This invention relates to a watch outer case polishing apparatus for automating a watch outer case polishing process by using a manipulator, and a watch outer case polishing apparatus and a general purpose polishing apparatus which arithmetically control the position and attitude of a workpiece and the force and moment exerted on a polishing wheel thereby in a functionally separated manner and simultaneously, and particularly to a watch outer case polishing apparatus and a general purpose polishing apparatus which can carry out stable control by attaining manipulator control equilibrium quickly and with which computation of position and other variables is simple and inexpensive.
Conventionally, the process of polishing a watch outer case has been carried out by hand by a skilled worker and has not been automated.
The polishing process can be roughly divided into coarse polishing, intermediate polishing and finishing polishing.
The construction of a coarse polishing apparatus conventionally used for polishing a watch outer case is shown in FIG. 15. In FIG. 15, the rotation shaft 2 of a polishing wheel 1 is supported in a predetermined spacial position. A plate 4 for a watch outer case 3 to be placed on is disposed with a small gap between it and the polishing wheel 1. The plate 4 is supported on a fixed base 7 by a plate arm 6 having screws 5a, 5b at its ends for changing the set position and attitude (angle) of the plate 4.
Using this arrangement, a worker carries out polishing in the following way:
The worker first places a watch outer case 3 on the plate 4. Then, with the underside of the watch outer case 3 in contact with the upper surface of the plate 4, the watch outer case 3 is slid toward the polishing wheel 1 and brought into contact with the polishing wheel 1. With the contact between the underside of the watch outer case 3 and the upper surface of the plate 4 still being maintained after the watch outer case 3 is brought into contact with the polishing wheel 1, the area of the watch outer case 3 making contact with the polishing wheel 1 is progressively changed as polishing is carried out. At this time, when polishing a watch outer case 3, it is necessary to polish the curved surfaces of the watch outer case 3 three-dimensionally. To do this, the worker adjusts the angle of the plate 4 to suit the surface being polished each time the surface being polished changes.
Because the operation must be performed by a skilled worker, the cost of a conventional, manual polishing operation has been high. Also, in recent years, the adoption of high-variety, low-quantity production has been progressing in the watch industry, and there has been the risk that even if a fixed sequence automatic polishing machine were to be developed it would not be flexible enough to cope with the demands of this kind of production.
Therefore, to solve the problems mentioned above, there has been a need to introduce a manipulator for realizing automation in the field of watch outer case polishing.

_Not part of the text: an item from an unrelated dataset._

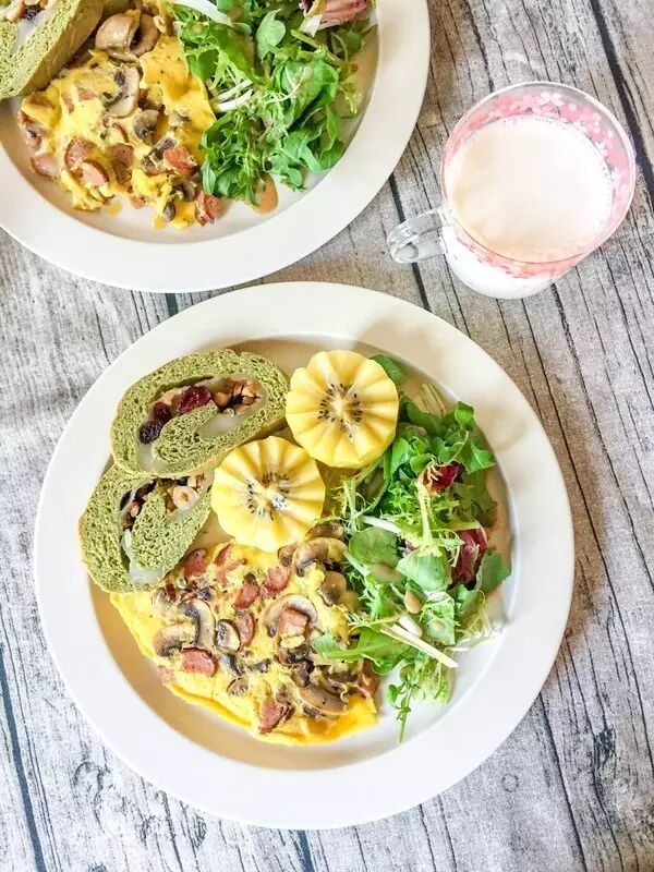 香肠口蘑蛋饼+猕猴桃+蔬菜沙拉+抹茶麻薯软欧+牛奶

However, most manipulators which have been used for polishing in other fields hold the polishing wheel rather than the work and therefore are not suitable for introduction unchanged into the field of watch outer case polishing. Using such a manipulator for watch outer case polishing involves problems such as, since the polishing wheel is large and heavy, it is dynamically and controlwise, difficult to move. Because of this, also from the point of view of energy saving, the development of a manipulator which holds the watch outer case has been desired.

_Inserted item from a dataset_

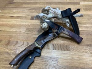 Manche en noyer avec rajout d’une douille pour verrouillage de l’étui, garde en laiton et lame en Xc75( acier carbone)
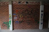Ulkokuva. Koulun nimikyltti ja näyttävimmät graffitit. |

Also, even in the case of a manipulator which holds the work, with the kind of control which has conventionally been carried out there has been the following kind of problem: In FIGS. 16(a) to (d), a manipulator not shown in the drawings holds a piece of work 21. For example as shown in FIG. 16 (a), polishing is carried out by the work 21 being pressed against the polishing wheel 1 in the X direction with a force of 1 N! while the work 21 is moved in the Y direction as shown in FIG. 16(b). FIG. 16(c) shows a case wherein the above-mentioned control is continued unchanged even when there is a change in the polishing surface, and FIG. 16(d) shows a case wherein when there is a change in the polishing surface the attitude of the work 21 is changed and then the above-mentioned control is continued. From the viewpoint that force and position are controlled simultaneously the above-mentioned control is called hybrid control, but the control is completely divided into force control in the X direction and position control in the Y direction. Because of this, movement in the X direction is determined on the basis of force information only, and when there is a change in the polishing surface of the work 21 the X component of a detected force value for example falls and the manipulator tries to compensate this result and tends to cause vibration by overextending.

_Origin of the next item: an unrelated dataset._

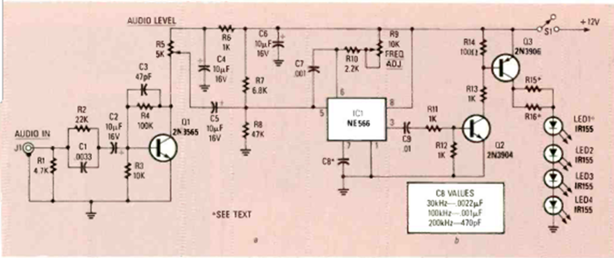 Este transmisor infrarrojo para sonido remoto inalámbrico es de un artículo publicado en la revista Radio Electronics de agosto de 1988. El circuito se puede realizar con LED modernos de mayor potencia.

Furthermore, because hybrid control involves complicated matrix calculations, it is necessary to devise a mechanical construction suited to matrix calculation with which for example outside force estimation is easy.
Also, there is a need to be able to use a single manipulator with a plurality of polishing wheels 1 such as one for normal use and a spare or ones having different polishing grades.
Furthermore, to detect reaction forces at joint parts of the manipulator, force sensors and torque sensors or the like are provided for example in a wrist part of the manipulator, and there has been the problem that the proportion of the overall cost of the manipulator expended on such sensors is high.